To me not a good comparison... I have been to Egypt and there are a LOT of very very poor people... so the average tends to be low... but the cost of living was not a huge multiple like the $40K to $300K you mention..

And as my example of the UK... the lady made like 40K pounds (where is that pound symbol:confused:)... which is maybe $60,000... but I can tell you the cost of living in London is a LOT more than here... my usual comment when people came over was 'compare the cost of something like it was listed in $$$s... so a coke for $1 cost 1 pound... etc...
 
One of the other problems is the cost of some of the medicine that is out there... why can we not have some negotiation with the companies... why does it cost us 25X here and only X in Canada or England....

It's cost shifting on a national level. We pay the higher price because we can. They pay the lower price because they won't pay the higher price.
 
...because companies who are paying for employee health care have higher overhead, making them less competitive in the world market. (i.e. Caterpillar's recent earnings write-down to cover higher health care costs)This debate isn't defined to the US; it affects every company's operating costs. Whether you are local, national or global you need a level playing field to compete. Unfunded mandates do nothing to adresss this.

That's why it is a big deal.

The problem is, if the companies decide to not pay for health care it gives them an advantage in the world market place. At the same time they just cut the compensation packages for all of their employees. They could just as easily cut the pay and receive the same benefit. They don't because people would stop working for them. What would you (not you specifically, but you the forum) do if when you were working your boss told you instead of your typical 1-2-3% pay raise this year you were going to take a $2k-4k-5k-10k pay cut because now you had to provide your own health insurance? You will not receive an amount equal to the cost of your insurance for a raise because taxes will be paid on your pay raise, and the company penalty has to be paid, and if it a zero sum issue there wouldn't be any advantage gained by the employer so there would be no incentive to change.
 
The problem is, if the companies decide to not pay for health care it gives them an advantage in the world market place.

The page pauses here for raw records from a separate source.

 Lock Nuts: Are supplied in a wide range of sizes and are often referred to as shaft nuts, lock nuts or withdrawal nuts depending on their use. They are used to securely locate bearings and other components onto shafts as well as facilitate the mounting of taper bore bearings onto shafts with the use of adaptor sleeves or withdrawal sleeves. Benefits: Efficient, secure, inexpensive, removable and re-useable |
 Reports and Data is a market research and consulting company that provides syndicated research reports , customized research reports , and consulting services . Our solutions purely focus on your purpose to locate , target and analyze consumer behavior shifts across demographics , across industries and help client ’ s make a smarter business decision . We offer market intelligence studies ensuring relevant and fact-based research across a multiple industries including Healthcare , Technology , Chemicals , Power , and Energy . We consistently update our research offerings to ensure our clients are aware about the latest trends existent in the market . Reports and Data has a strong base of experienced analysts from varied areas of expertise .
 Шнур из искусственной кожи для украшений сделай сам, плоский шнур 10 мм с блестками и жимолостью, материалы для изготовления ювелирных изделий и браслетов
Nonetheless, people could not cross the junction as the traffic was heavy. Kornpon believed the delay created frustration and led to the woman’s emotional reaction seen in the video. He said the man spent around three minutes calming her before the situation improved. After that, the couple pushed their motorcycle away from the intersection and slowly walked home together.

Only because our laws have skewed what would normally be the case.

Fact: There's no law saying any private company has to provide any health coverage. So, why do they do it? Because it helps them attract the best employees. Why don't they just pay people more instead of buying them this one particular service? Because companies can get the insurance cheaper than the employees can buy it--because they can do it with "before tax" money and because they can get group rates from insurers.

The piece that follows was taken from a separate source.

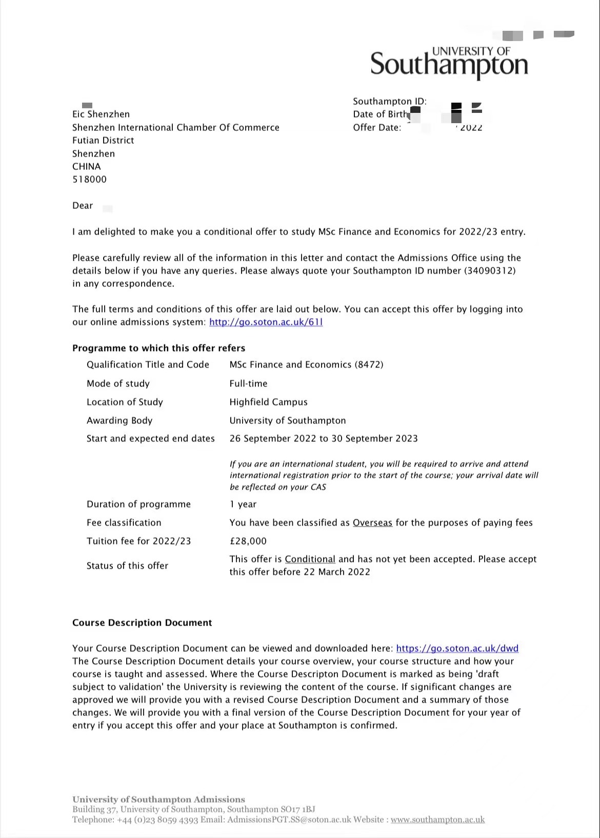 录取院校:南安普顿大学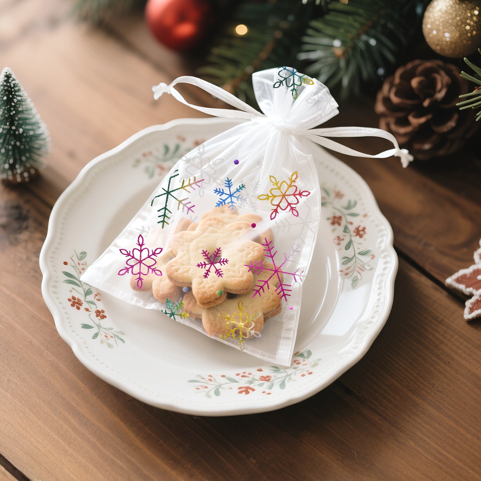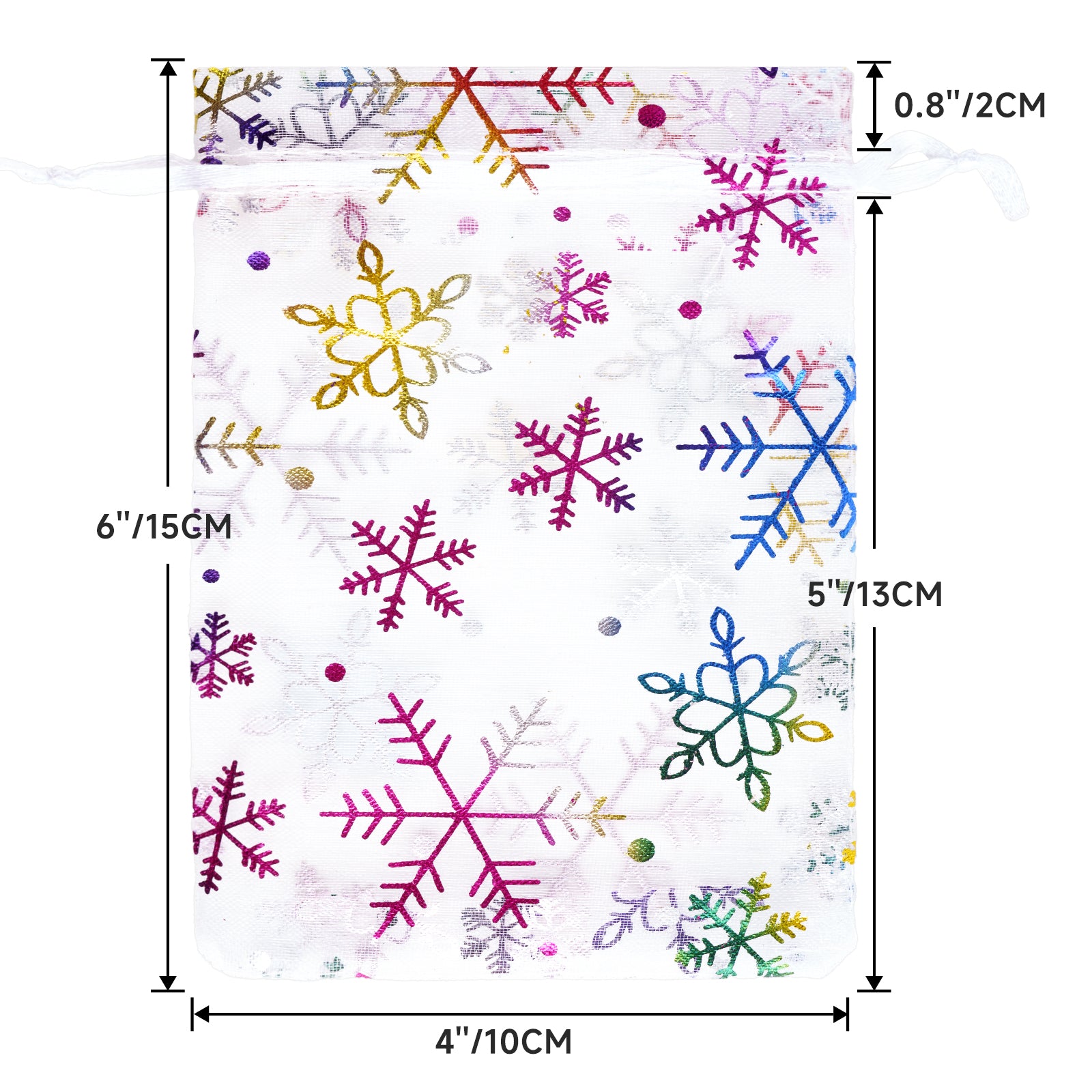 - 【Colored Snowflake Organza Bags】:White organza bags with colored snowflake patterns, snowflake organza gift bags are full of winter wonderland atmosphere. Snowflake organza bags are perfect for winter wonderland baby showers, birthdays, weddings, Christmas, New Year, and Advent calendar gifts. Add a touch to your party favors.

These are the only reasons employers even bother supplying insurance. Those who cut this benefit will have to offer some amount of higher pay or other benefits to attract the present quality of employees, they won't just pocket all the money. (But, under the newly-passed law, the taxpayers will help subsidize this employer behavior by giving checks to workers to be used in the purchase of individual policies. As taxpayers, we will be in the position of helping employers provide compensation to their workers--hmm, there's a word for that . . .). At present, if the employers could offer lower compensation packages and achieve the desired result in attracting/keeping employees, they would (and should) be doing it already.

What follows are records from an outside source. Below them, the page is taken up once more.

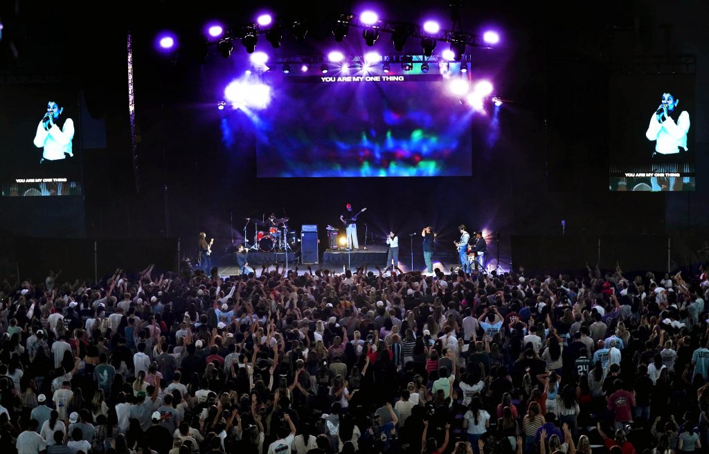 The UPPERROOM worship band performs during UniteUs GCU at Global Credit Union Arena on Oct. 21, 2025. -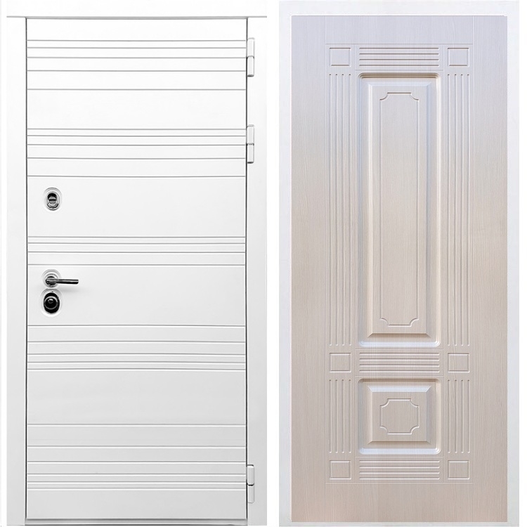 Белая входная стальная дверь Morrison ФЛ-2 Лиственница беж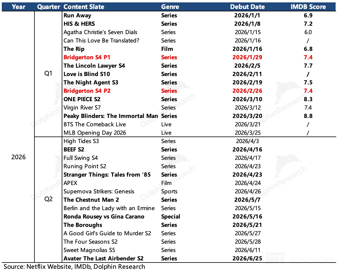 上季度海豚君就已经提及奈飞的最强内容周期已经进入尾声,Q1 还有《Bridgerton》第四季和去年末较晚上线的《Stranger Things》第五季撑着,但二季度的排片上就相对较弱了。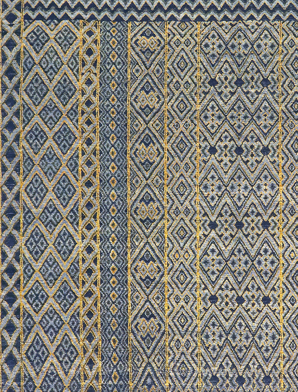 The collection draws inspiration from the designs of utilitarian mats carried around by one of the most resilient nomadic tribes of the Sahara desert: the Tuaregs. Traditionally, these mats are crafted using dried palm reeds and leather. Hand-knotted in the highlands of Afghanistan with hand-carded and hand-spun wool, the Sahara collection provides a contemporary interpretation of the Tuareg mats by exploring the traditional symbology of star and cross patterns with a palette of earthy tones and indigo that reflects its design narrative. The range took over three years to develop, prioritising sensitivity in its cultural designs and use of significant colours.

The present system actually benefits employers--at allows them to provide compensation (health insurance) to employees at a discount cost (compared to what the employee would have to pay--which is the value of the benefit to the employee, provided he would need/buy the insurance).

If we set up a system where people could buy individual policies at a standard (group) rate, and if we treated people and corporations the same in our tax code with regard to the purchase of health insurance, we'd quickly eliminate the dumb present link we have between employment and health coverage. But we'd have to address the adverse selection issue as well.